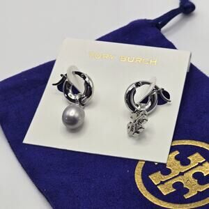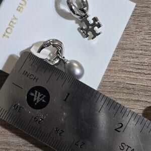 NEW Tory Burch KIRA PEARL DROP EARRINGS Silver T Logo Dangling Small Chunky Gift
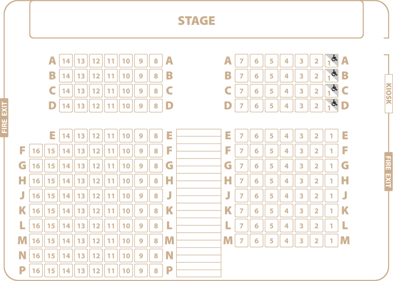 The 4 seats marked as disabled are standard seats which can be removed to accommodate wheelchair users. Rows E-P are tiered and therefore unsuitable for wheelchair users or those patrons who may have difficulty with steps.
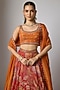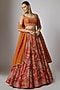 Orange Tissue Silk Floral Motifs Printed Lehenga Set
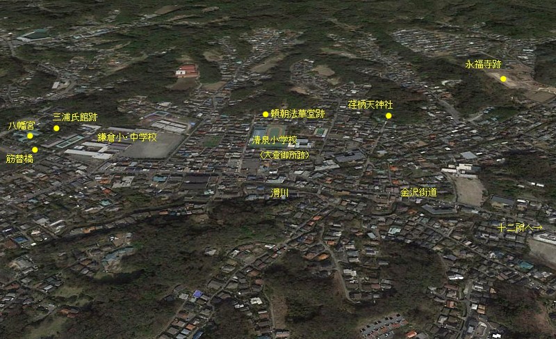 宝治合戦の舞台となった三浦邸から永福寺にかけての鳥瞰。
==
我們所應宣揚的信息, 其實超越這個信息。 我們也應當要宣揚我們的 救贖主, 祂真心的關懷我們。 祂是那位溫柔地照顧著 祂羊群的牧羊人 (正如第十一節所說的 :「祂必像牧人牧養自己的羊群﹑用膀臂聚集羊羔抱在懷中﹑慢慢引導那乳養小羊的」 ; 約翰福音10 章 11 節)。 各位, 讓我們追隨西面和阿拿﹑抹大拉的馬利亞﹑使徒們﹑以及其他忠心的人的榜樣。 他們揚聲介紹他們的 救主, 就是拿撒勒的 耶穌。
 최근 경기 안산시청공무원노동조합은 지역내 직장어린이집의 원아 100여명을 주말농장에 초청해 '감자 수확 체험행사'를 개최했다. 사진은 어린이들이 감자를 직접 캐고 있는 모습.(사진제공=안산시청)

**TASK TO COMPLETE:** Given the listing above, retype only the span of lines from the line with "Orange Tissue Silk" up to and including the line with "宝治合戦の舞台となった三浦邸から永福寺にかけての鳥瞰。", exactly as it stands and without pictures.

**SOLUTION TO THE EXERCISE:**
 Orange Tissue Silk Floral Motifs Printed Lehenga Set
 宝治合戦の舞台となった三浦邸から永福寺にかけての鳥瞰。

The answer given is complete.